The lack of changes led the ACLU, its state chapter and the Mississippi Center for Justice to sue Secretary of State Michael Watson to broaden absentee voting to those with “underlying health conditions” that could make catching COVID-19 deadly. The Southern Poverty Law Center and Lawyers’ Committee for Civil Rights Under the Law filed similar litigation in federal court on behalf of some Mississippi voters, the League of Women Voters Mississippi and the Mississippi NAACP. 

Caren Short, senior staff attorney for the center, said requiring a vote “to notarize both their absentee application and ballot in the middle of a pandemic is clearly unnecessary when there are already protections in place that ensure the identity of the voter. It is our hope that in the coming days Mississippi officials will recognize this and offer relief for voters so that no one has to choose between participating in our democracy and protecting their health. If not, we’ve asked a federal court to intervene.”

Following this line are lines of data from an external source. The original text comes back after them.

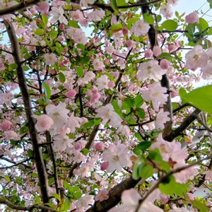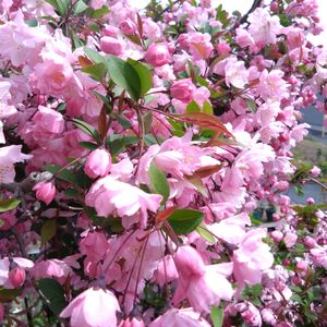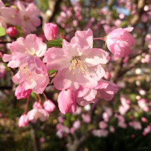 カイドウ(海棠)が咲いていました。 ハナカイドウ(花海棠)ともいいます🌸 桜が咲き終わってから咲くと思っていましたが、今は同じ時期に咲いています🎶✨ ピンク色💗がとてもきれいでした💕😃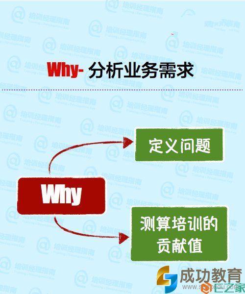 Why:这是一个关于培训决策的问题,在这里是指培训体系的设计者必须时刻关注业务中的绩效瓶颈,及时发现业务中哪些由于能力不足而带来的问题,并保证这个问题值得用培训的方式去解决,在这部分体系的设计需要解决两个问题: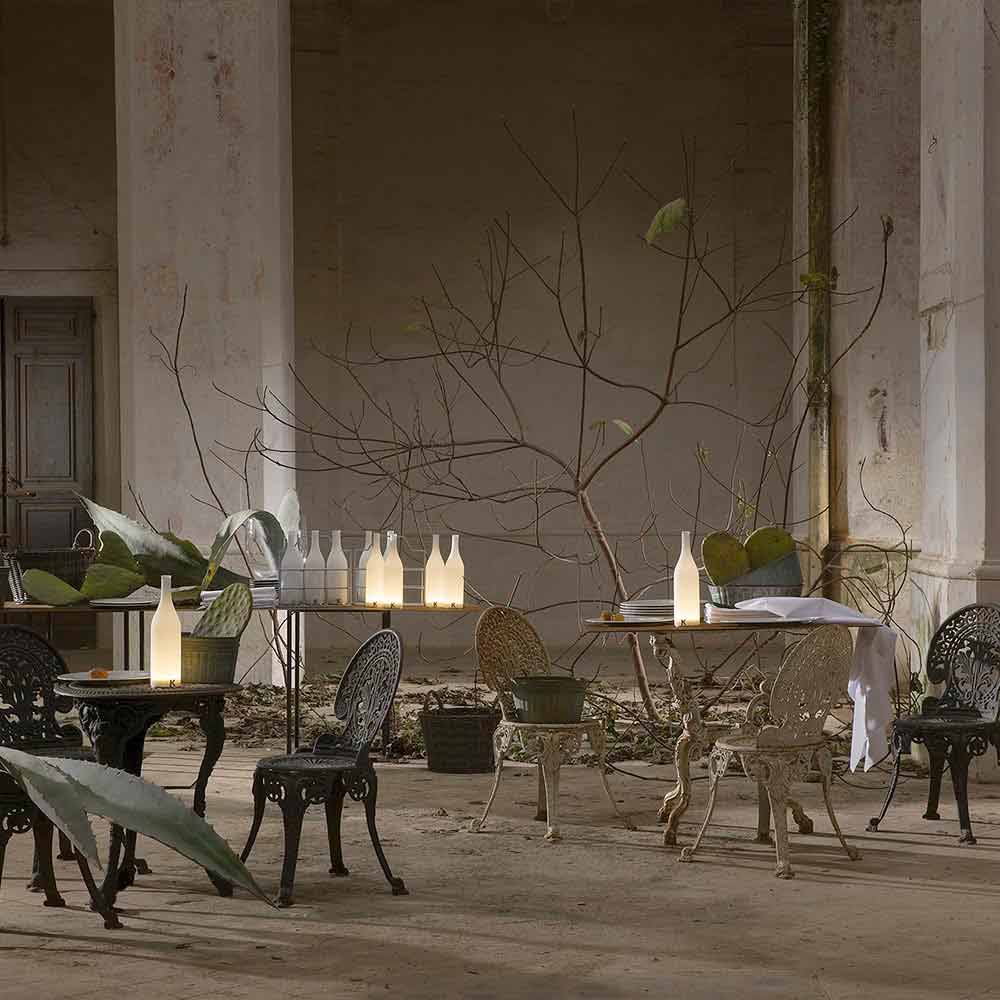 Denna originella och unika bordslampa har en raffinerad design i form av en flaska med rena och enkla linjer.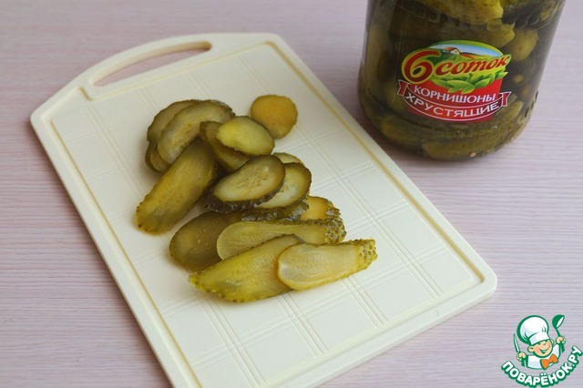 Огурцы Торговой марки «6 соток» (5 шт.) нарезать тонкими ломтиками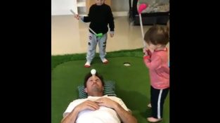 Un padre prova trickshot campo pericoloso, con l'aiuto del figlio.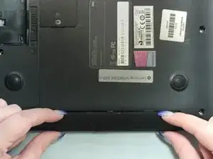 Удерживая левый и правый переключатели в положении разблокировки, вытяните батарею из компьютера.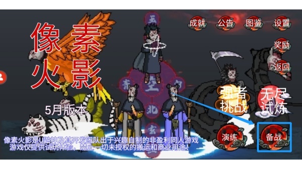 3、经典复古的像素风图形打造的各种帅气忍者,可以操控这些忍者来同其它动漫之中的角色进行格斗。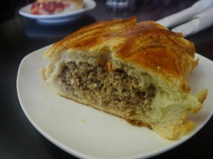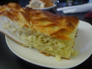 Stolle are casual places, where you order at the counter and then try and find yourself a seat in the adjoining dining room. There’s tea, soft drinks and not-so-impressive looking coffee. At lunch, there’s beer (but no wine). What they specialise in are kulebjaka; pies made from yeasted dough cleaved into rectangle slices. They sit somewhere somewhere between a large sausage roll, a panini and a pie.
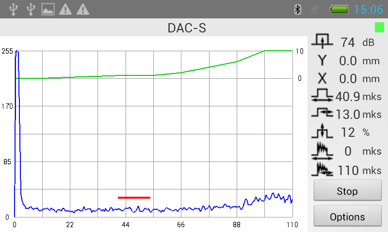 在手动模式下,显示探伤仪A扫描,展现在缺陷检查的操作回波信号发现,当前扫描参数,频闪信号放大和门,位置和时间延迟的最大信号。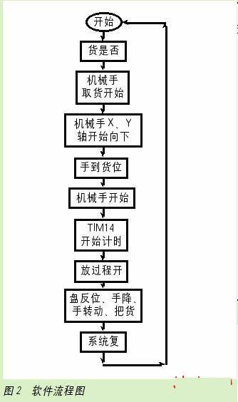 步進電機驅動縱軸上升,另一個步進電機驅動橫軸開始向前走;轉盤直流電機轉動使機械手整體運動,轉到貨物接收處;步進電機再次驅動縱軸下降,到達指定位置后,氣閥放氣,機械手松開貨物;系統回位準備下一次動作。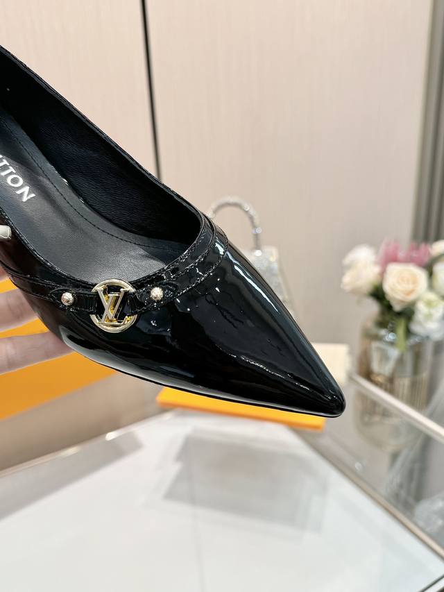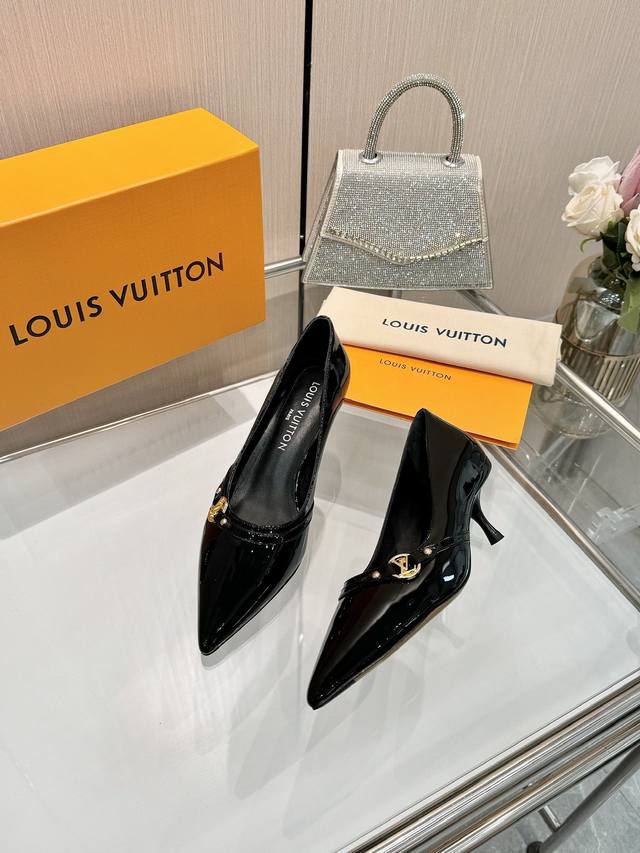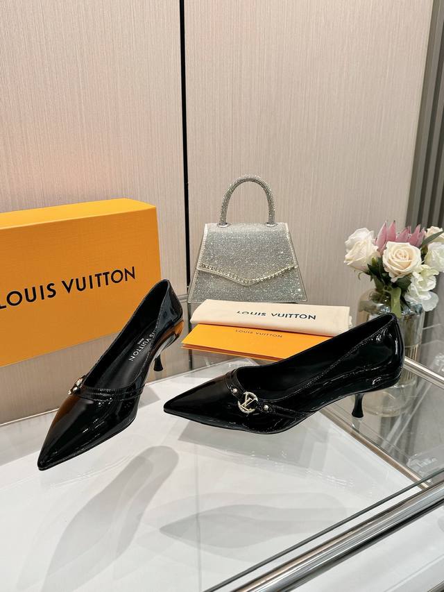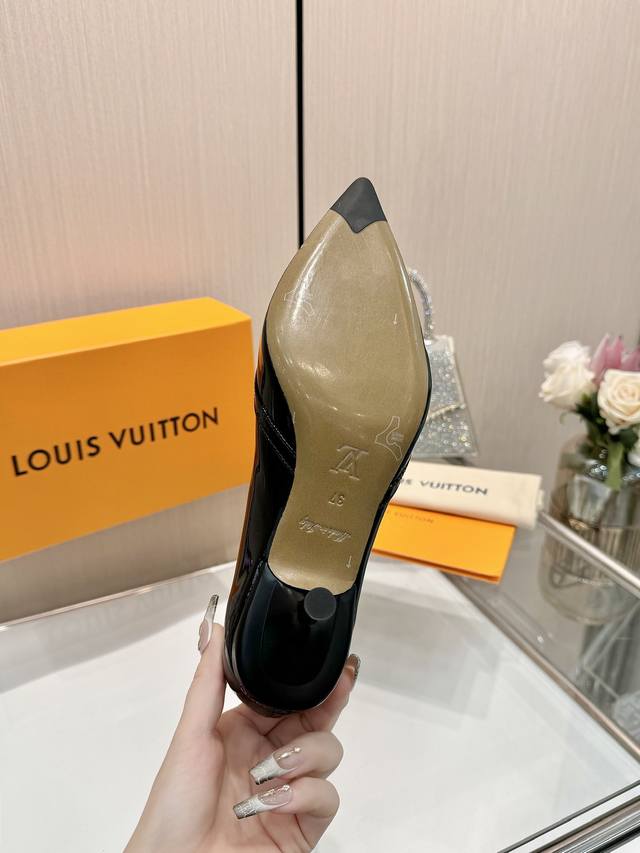 Factory direct wholesale: Louis Vuitton 2025 official website early spring collection! Perfect last, new pointed toe design, updated simultaneously with the official website. The pointed toe is paired with a hollowed-out leather strip and a small square buckle for adjustable tightness. The Lv hardware "Logo" adds a touch of detail, creating a visually stunning effect that perfectly embodies Lv's elegant temperament. Comfortable to wear and very feminine. New original molded last, perfect 1:1 shape, exquisite workmanship, imported high-end fabrics presenting a refined texture! Fabric: Imported lambskin, cow patent leather monogram denim; High-quality soft lambskin lining; Insole: Imported goatskin; Italian genuine leather outsole; 5.5 painted heel; Sizes: 34-41 (34.40, 41, custom orders are non-refundable and non-exchangeable).

Talbott still has her unmarked ballot and plans to get it signed at a free drive-through notary service in Jackson on Saturday, Oct. 17.

She said Mississippi officials have turned a simple process into something “extremely convoluted,” making absentee voting as difficult as possible, she said.

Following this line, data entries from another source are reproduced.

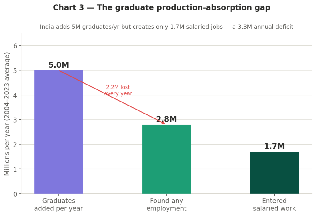 The current trajectory is concerning. India’s education system is producing 5 million graduates per year into an economy that can absorb only 1.7 million into salaried work — a structural deficit of 3.3 million new frustrated graduates every single year. Each cohort adds to a growing pool of educated, underemployed, psychologically stressed young people who rationally spend their most productive years chasing government jobs that statistically can accommodate less than 0.1% of aspirants.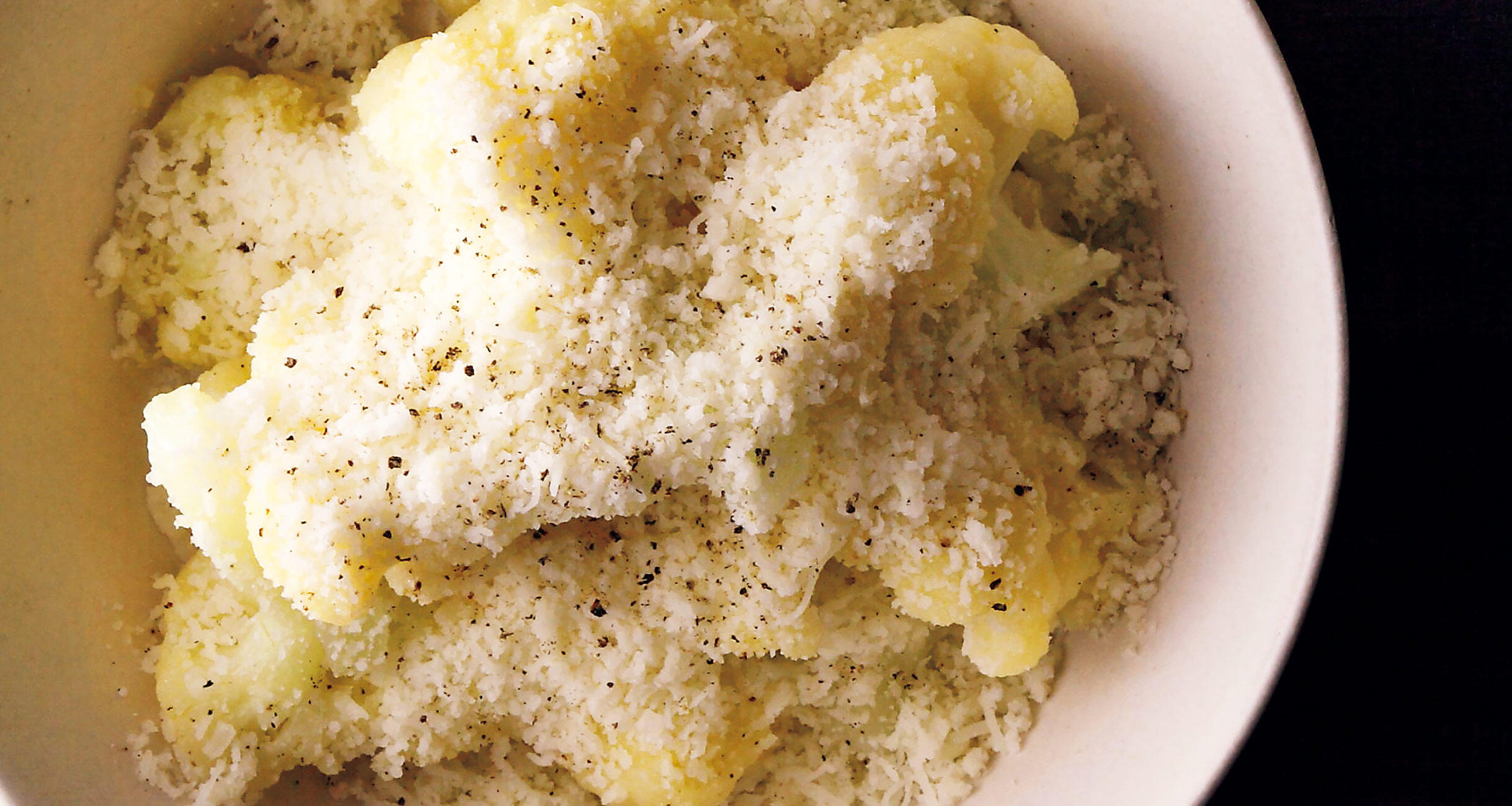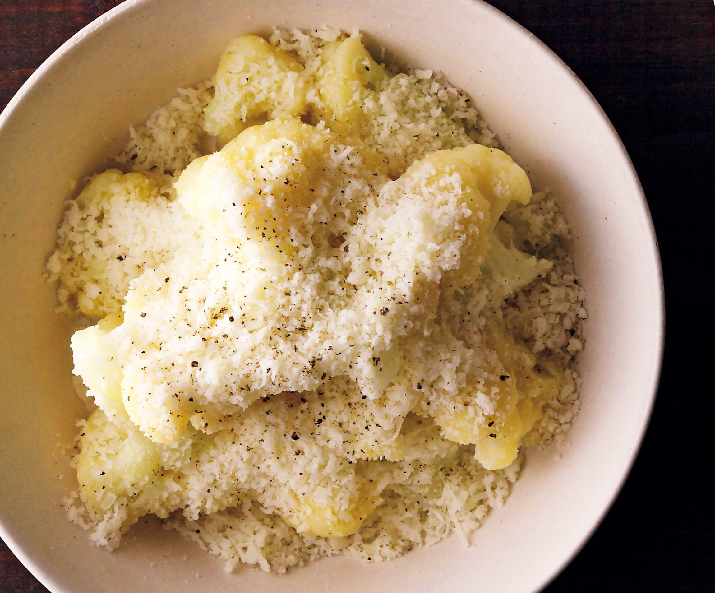すりおろしたペコリーノチーズはふわふわで口溶けがいい。カリフラワーにかけるだけで野菜の味がぐんと引き出され、後をひくおいしさ。ズッキーニやそら豆にもよく合う。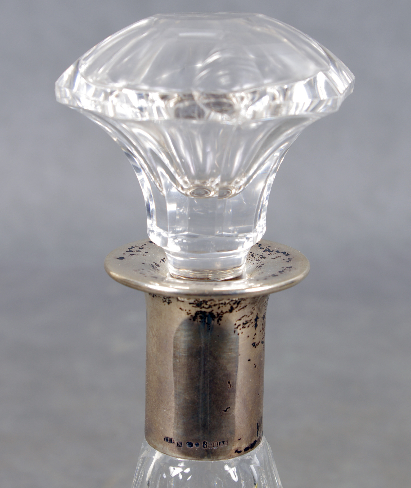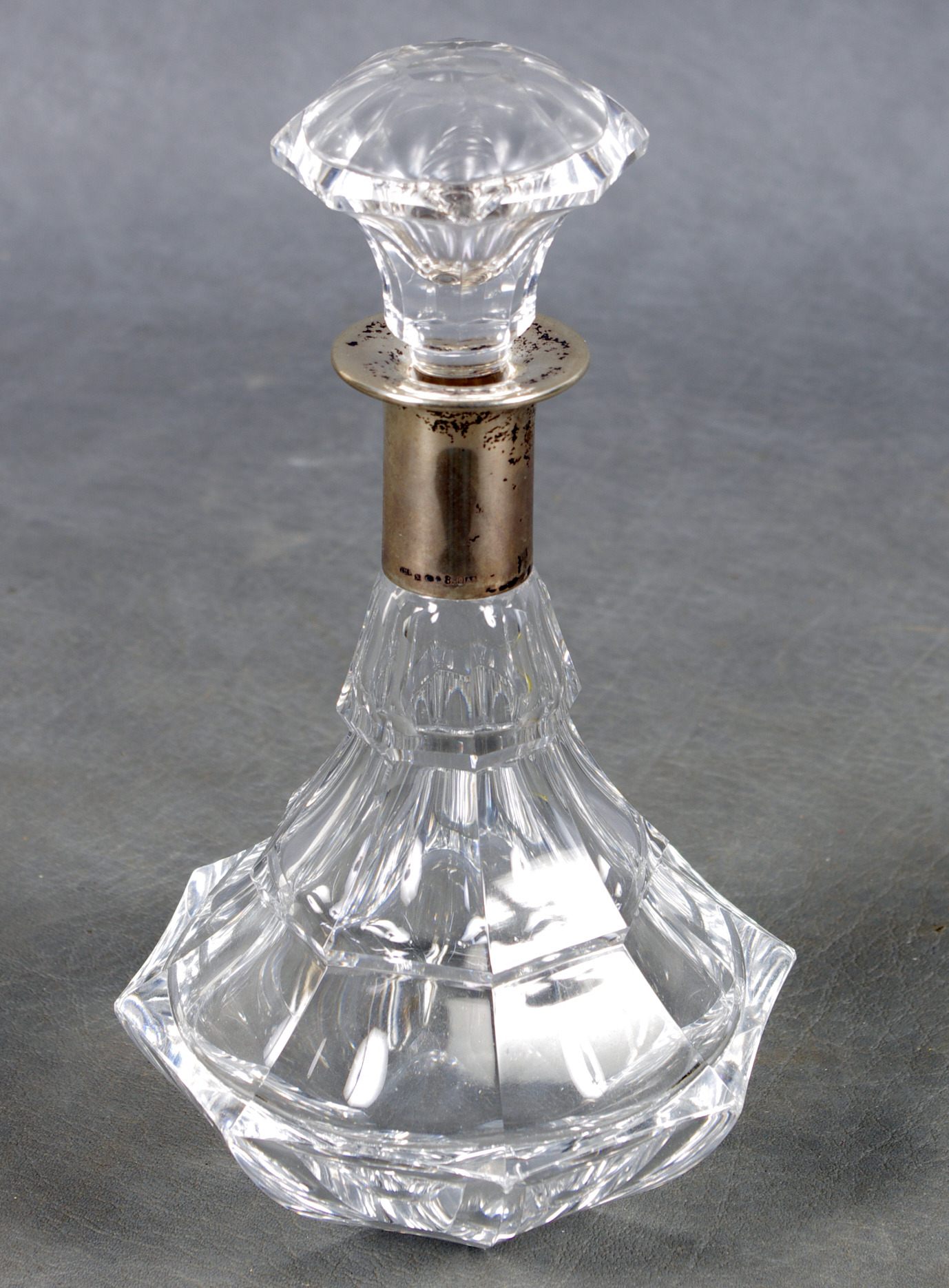 56719. KARAFF, kristall med silverkrage.

The consequences of such actions are the poor don’t have the same right to vote as those with means, she said. “I have the privilege to drive and go, but the people that need most to vote by mail are being disenfranchised. That’s the bottom line.”

Jerry Mitchell is an investigative reporter for the Mississippi Center for Investigative Reporting, a nonprofit news organization that is exposing wrongdoing, educating and empowering Mississippians, and raising up the next generation of investigative reporters. Sign up for MCIR’s newsletters here.

Email him at Jerry.Mitchell@MississippiCIR.org and follow him on Facebook, Twitter or Instagram.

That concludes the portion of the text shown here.